La grippe espagnole, qui a fait jusqu'à 100 millions de morts dans le monde entre 1918 et 1920, est considérée comme l'une des pandémies les plus dévastatrices des temps modernes. Jusqu’à récemment, on disposait toutefois de très peu de données sur l’évolution moléculaire de l’agent pathogène.
Pour la première fois, une équipe de recherche dirigée par Verena Schünemann (Université de Bâle), en collaboration avec l’Institut de médecine évolutive de l’Université de Zurich, a réussi à décrypter le génome d’un virus grippal datant de cette époque et conservé en Suisse. C’est ce qu’ont annoncé les deux institutions dans un
communiqué commun.
Les collections médicales comme ressource
L’ARN du virus provient d’une préparation fixée à la formaline, conservée depuis plus de 100 ans dans la
collection médicale de l’Université de Zurich (UZH). Cette préparation avait été prélevée sur un patient de 18 ans, décédé en juillet 1918 lors de la première vague de propagation de la pandémie, précise l’UZH.

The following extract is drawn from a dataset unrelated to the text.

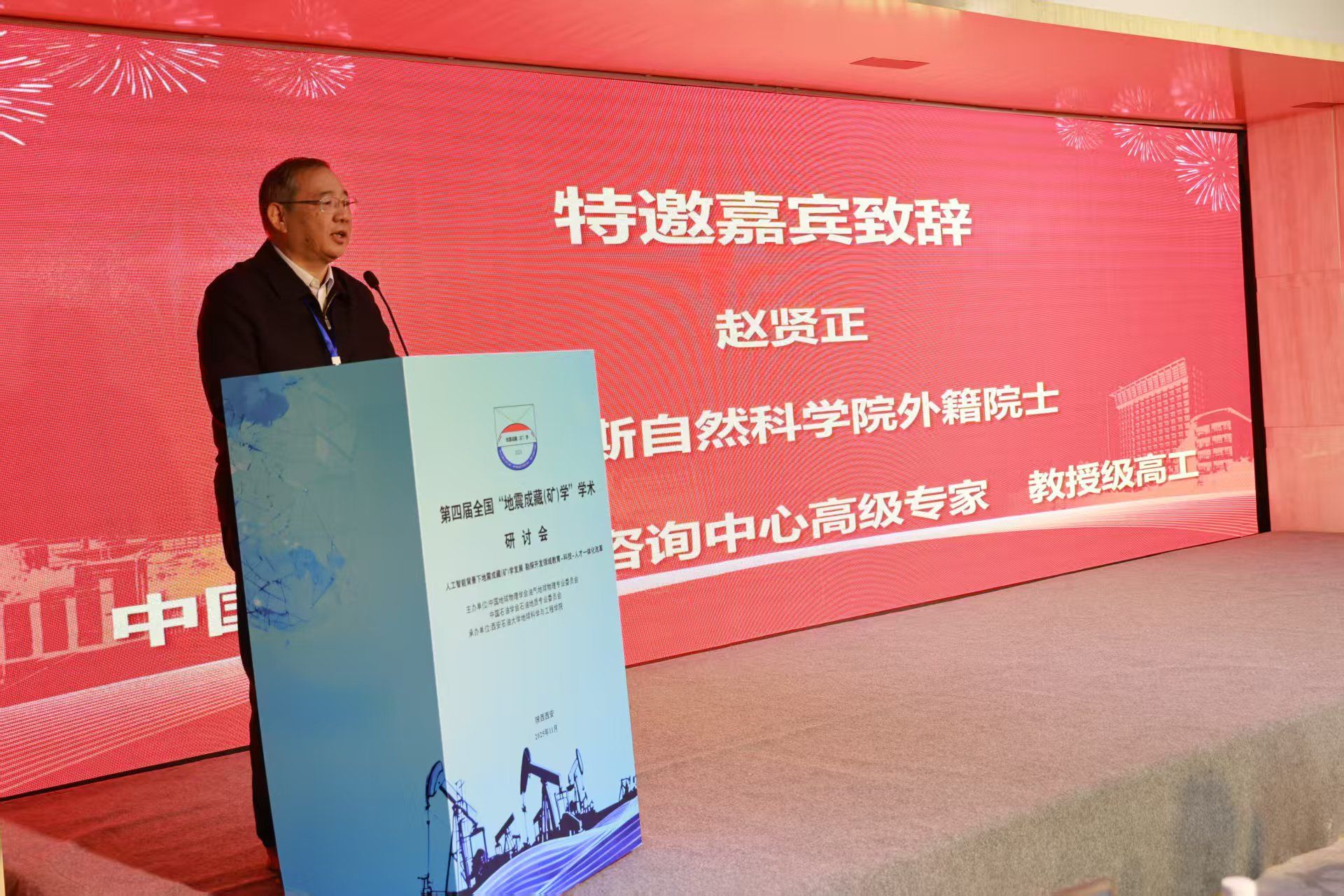 外籍院士、中国石油集团咨询中心高级专家赵贤正教授代表会议主办单位致辞。赵贤正表示,地震成藏(矿)学自2009年提出以来,已在理论与技术上取得显著进展,成为指导复杂地质条件下油气勘探的重要支撑,并呼吁广大科技工作者加强学科交叉与产学研合作,推动该学科向纵深发展,为我国能源勘探开发提供更强有力的理论和技术保障。

«Les collections médicales sont des archives inestimables pour reconstituer d’anciens génomes viraux à ARN. Le potentiel de telles préparations reste toutefois largement sous-exploité à ce jour.» — Frank Rühli, doyen de la faculté de médecine de l'UZH
L’ARN se dégradant plus rapidement que l’ADN, son analyse n’a été rendue possible que grâce à une technique de séquençage de dernière génération, explique Christian Urban, premier auteur de l’
étude publiée dans «BMC Biology». Cette méthode permet non seulement de reconstruire d’anciens génomes de virus à ARN, mais aussi de confirmer l’authenticité des fragments obtenus.
Trois mutations clés
Comparé aux génomes de la grippe identifiés jusqu’à présent en Allemagne et en Amérique du Nord, le génome viral suisse présente trois mutations clés, apparues dès le début de la pandémie, qui ont favorisé l’adaptation du virus à l’être humain.
Deux de ces mutations ont accru la résistance du virus à un composant antiviral du système immunitaire humain.
La troisième affecte une protéine de la membrane virale, qui, grâce à cette mutation, peut mieux se fixer aux récepteurs des cellules humaines. Ces adaptations – conservées jusqu’à la fin de la pandémie – ont contribué à rendre le virus à la fois plus résistant et plus infectieux.
Implications pour la recherche sur les pandémies
Ces résultats s'avèrent particulièrement intéressants dans la perspective de futures pandémies. «Si nous comprenons mieux les dynamiques qui permettent aux virus de s'adapter à l'être humain pendant une pandémie sur une longue période, nous pourrons en tirer des modèles pour les pandémies futures», explique Schünemann, responsable de l'étude.
«Grâce à notre approche interdisciplinaire, qui combine les modèles de propagation historiques, épidémiologiques et génétiques, nous pouvons élaborer une base de calcul fondée sur des preuves», ajoute Kaspar Staub, de l'UZH, coauteur de l'étude. Pour ce faire, la reconstruction d'autres génomes viraux ainsi que des analyses approfondies, dans lesquelles l'équipe de recherche souhaite également inclure des intervalles de temps plus longs, seront nécessaires.